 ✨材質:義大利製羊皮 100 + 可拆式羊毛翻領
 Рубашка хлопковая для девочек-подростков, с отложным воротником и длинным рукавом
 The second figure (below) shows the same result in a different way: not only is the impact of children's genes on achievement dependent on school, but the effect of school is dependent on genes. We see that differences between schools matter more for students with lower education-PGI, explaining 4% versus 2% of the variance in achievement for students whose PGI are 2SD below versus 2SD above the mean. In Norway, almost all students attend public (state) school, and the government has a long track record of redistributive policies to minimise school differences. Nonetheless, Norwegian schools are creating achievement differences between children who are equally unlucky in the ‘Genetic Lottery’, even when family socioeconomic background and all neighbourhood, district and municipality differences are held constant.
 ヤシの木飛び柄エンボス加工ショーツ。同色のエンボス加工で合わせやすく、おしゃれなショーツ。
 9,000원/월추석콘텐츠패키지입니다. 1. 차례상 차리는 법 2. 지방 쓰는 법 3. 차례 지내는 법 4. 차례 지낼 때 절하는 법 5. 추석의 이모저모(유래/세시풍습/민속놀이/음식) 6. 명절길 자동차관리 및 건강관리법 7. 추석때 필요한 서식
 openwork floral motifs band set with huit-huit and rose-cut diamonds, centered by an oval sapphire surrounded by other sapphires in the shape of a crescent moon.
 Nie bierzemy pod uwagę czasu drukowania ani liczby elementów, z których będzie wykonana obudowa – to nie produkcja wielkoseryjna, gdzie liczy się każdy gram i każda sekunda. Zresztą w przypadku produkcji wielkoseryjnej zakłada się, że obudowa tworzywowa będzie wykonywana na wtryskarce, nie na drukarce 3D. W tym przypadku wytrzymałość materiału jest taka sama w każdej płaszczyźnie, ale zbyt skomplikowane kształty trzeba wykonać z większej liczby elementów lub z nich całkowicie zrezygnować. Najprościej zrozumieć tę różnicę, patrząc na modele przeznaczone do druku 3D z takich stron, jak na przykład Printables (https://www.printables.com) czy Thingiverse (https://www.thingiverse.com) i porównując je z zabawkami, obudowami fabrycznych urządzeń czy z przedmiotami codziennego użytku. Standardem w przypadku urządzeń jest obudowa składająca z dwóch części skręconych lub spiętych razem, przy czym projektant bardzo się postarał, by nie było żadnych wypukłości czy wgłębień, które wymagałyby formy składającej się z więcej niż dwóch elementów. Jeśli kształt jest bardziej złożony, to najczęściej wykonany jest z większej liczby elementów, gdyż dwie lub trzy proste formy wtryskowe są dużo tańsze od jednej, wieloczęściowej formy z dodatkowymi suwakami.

Exercise objective:
Using the records above, output exactly the lines from the first through the line that contains "Рубашка хлопковая для", with both of those included.

Response:
 ✨材質:義大利製羊皮 100 + 可拆式羊毛翻領
 Рубашка хлопковая для девочек-подростков, с отложным воротником и длинным рукавом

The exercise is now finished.